*TASK DETAILS*
With pictures left out, write out exactly every line from the start of the data through the one that contains "Мужская футболка оверсайз / Туман в лесу".

*STORED DATA*
────
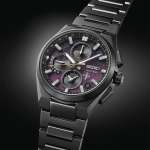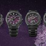 今回のモデルでは星空の下で風に舞う桜の花びらを、オールブラックでまとめた外装と、ラメを散りばめたパープル&ブラックのグラデーションダイヤルで表現。ダイヤルの外周には星が描く軌跡をイメージした同心円状のパターンをあしらい、秒針に添えたピンクゴールドと鏡面仕上げのブレスレットが限定モデルらしい高級感を演出します。
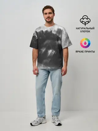 Мужская футболка оверсайз / Туман в лесу
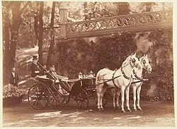 Im Unterschied zu den Sommerresidenzen anderer preußischer Könige, etwa den Schlössern in Paretz, Charlottenhof, Glienicke und auf der Pfaueninsel war Babelsberg kein sporadisch besuchter Herrschersitz. Wilhelm I. kam nahezu jedes Jahr im Sommer hierher.[61] In seiner Zeit als deutscher Kaiser folgten seine Aufenthalte einem routinierten Jahresablauf. So verbrachte er den August auf Schloss Babelsberg. Von dort reiste er im September zu Kaisermanövern ab. Es folgten Aufenthalte bei seiner Tochter in Baden-Baden sowie in Berlin. Im November nahm Wilhelm I. an Hofjagden teil.[62] Seinen Aufenthalt in Babelsberg nutzte Wilhelm meist für Spaziergänge oder Ausfahrten mit der Kutsche oder einem Schiff.[63]
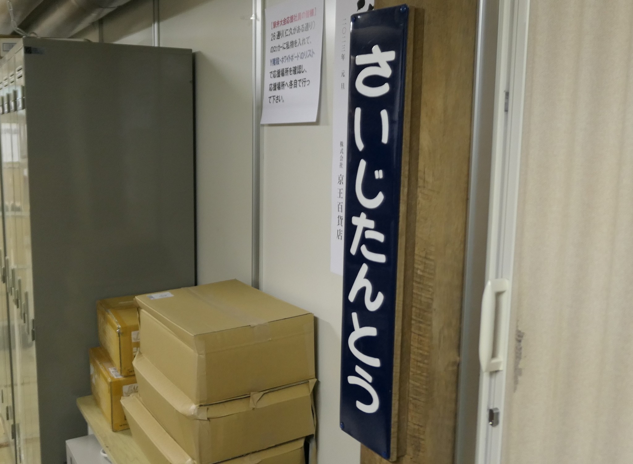 駅弁大会などの催事運営を担当する部署の事務室には、駅名標を模した「さいじたんとう」(催事担当)の看板がかかり、鉄道会社(京王電鉄)を親会社にもつ百貨店ならではの、鉄道イベント・駅弁大会へのこだわりを窺わせます。
────
*ANSWER SECTION*
 今回のモデルでは星空の下で風に舞う桜の花びらを、オールブラックでまとめた外装と、ラメを散りばめたパープル&ブラックのグラデーションダイヤルで表現。ダイヤルの外周には星が描く軌跡をイメージした同心円状のパターンをあしらい、秒針に添えたピンクゴールドと鏡面仕上げのブレスレットが限定モデルらしい高級感を演出します。
 Мужская футболка оверсайз / Туман в лесу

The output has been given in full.